**Work request**
Look below for the line that has "APPOINTMENT OF A CAMPAIGN TREASURER"; output exactly from it through the line that has "Utilisations multiples : surveillez", and leave the pictures out.

**Records for this task**
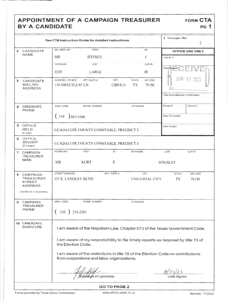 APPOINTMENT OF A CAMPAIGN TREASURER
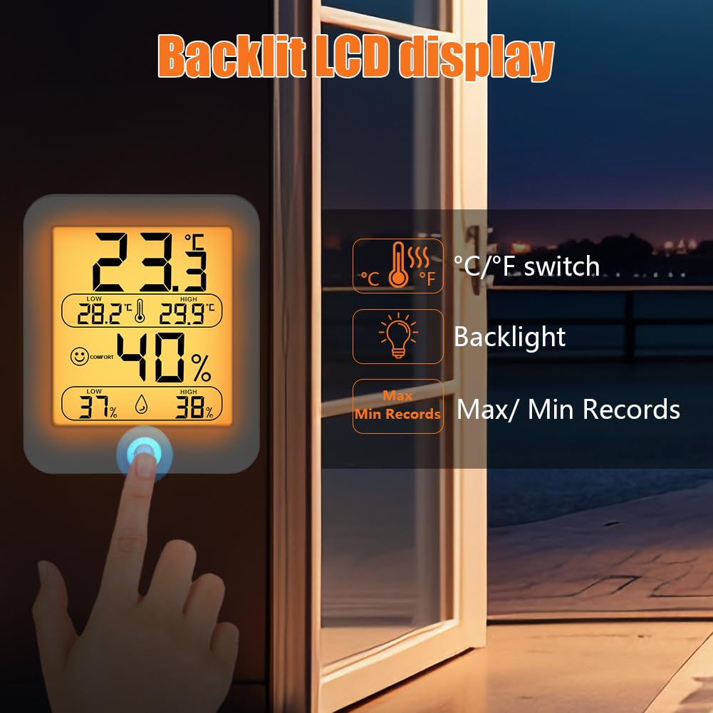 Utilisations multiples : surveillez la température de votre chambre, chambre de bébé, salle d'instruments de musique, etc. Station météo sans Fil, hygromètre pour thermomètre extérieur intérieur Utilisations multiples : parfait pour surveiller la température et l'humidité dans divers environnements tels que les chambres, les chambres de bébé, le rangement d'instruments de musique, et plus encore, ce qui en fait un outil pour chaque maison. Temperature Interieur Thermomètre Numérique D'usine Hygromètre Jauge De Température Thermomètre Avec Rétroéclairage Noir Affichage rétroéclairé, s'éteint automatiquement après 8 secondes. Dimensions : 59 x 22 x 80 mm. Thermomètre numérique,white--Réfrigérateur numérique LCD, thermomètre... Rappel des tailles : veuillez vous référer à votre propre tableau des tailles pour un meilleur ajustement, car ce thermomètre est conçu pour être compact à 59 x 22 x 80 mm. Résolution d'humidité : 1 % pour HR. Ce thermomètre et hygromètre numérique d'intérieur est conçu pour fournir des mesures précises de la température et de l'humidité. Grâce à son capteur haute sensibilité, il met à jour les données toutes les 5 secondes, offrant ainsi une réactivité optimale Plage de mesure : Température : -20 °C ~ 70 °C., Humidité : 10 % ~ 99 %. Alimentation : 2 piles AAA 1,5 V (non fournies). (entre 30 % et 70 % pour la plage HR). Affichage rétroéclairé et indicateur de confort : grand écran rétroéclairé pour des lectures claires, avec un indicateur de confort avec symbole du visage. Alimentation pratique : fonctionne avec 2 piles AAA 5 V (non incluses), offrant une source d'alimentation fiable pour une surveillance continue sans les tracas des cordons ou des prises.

---

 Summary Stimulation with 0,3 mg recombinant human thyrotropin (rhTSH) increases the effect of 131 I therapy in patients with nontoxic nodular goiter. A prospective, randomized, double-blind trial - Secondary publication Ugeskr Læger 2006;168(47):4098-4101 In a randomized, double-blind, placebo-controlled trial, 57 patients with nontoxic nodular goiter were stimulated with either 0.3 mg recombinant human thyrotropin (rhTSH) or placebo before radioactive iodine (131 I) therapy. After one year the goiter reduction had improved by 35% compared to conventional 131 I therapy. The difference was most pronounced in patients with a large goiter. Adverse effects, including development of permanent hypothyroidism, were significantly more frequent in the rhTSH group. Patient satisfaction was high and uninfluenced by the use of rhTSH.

* * *

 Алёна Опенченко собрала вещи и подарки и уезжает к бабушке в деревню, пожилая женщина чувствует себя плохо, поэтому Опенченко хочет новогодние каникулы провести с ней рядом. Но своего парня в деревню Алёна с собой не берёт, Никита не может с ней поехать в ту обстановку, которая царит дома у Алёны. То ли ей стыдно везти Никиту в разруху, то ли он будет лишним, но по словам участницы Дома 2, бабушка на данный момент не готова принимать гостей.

**Written reply**
 APPOINTMENT OF A CAMPAIGN TREASURER
 Utilisations multiples : surveillez la température de votre chambre, chambre de bébé, salle d'instruments de musique, etc. Station météo sans Fil, hygromètre pour thermomètre extérieur intérieur Utilisations multiples : parfait pour surveiller la température et l'humidité dans divers environnements tels que les chambres, les chambres de bébé, le rangement d'instruments de musique, et plus encore, ce qui en fait un outil pour chaque maison. Temperature Interieur Thermomètre Numérique D'usine Hygromètre Jauge De Température Thermomètre Avec Rétroéclairage Noir Affichage rétroéclairé, s'éteint automatiquement après 8 secondes. Dimensions : 59 x 22 x 80 mm. Thermomètre numérique,white--Réfrigérateur numérique LCD, thermomètre... Rappel des tailles : veuillez vous référer à votre propre tableau des tailles pour un meilleur ajustement, car ce thermomètre est conçu pour être compact à 59 x 22 x 80 mm. Résolution d'humidité : 1 % pour HR. Ce thermomètre et hygromètre numérique d'intérieur est conçu pour fournir des mesures précises de la température et de l'humidité. Grâce à son capteur haute sensibilité, il met à jour les données toutes les 5 secondes, offrant ainsi une réactivité optimale Plage de mesure : Température : -20 °C ~ 70 °C., Humidité : 10 % ~ 99 %. Alimentation : 2 piles AAA 1,5 V (non fournies). (entre 30 % et 70 % pour la plage HR). Affichage rétroéclairé et indicateur de confort : grand écran rétroéclairé pour des lectures claires, avec un indicateur de confort avec symbole du visage. Alimentation pratique : fonctionne avec 2 piles AAA 5 V (non incluses), offrant une source d'alimentation fiable pour une surveillance continue sans les tracas des cordons ou des prises.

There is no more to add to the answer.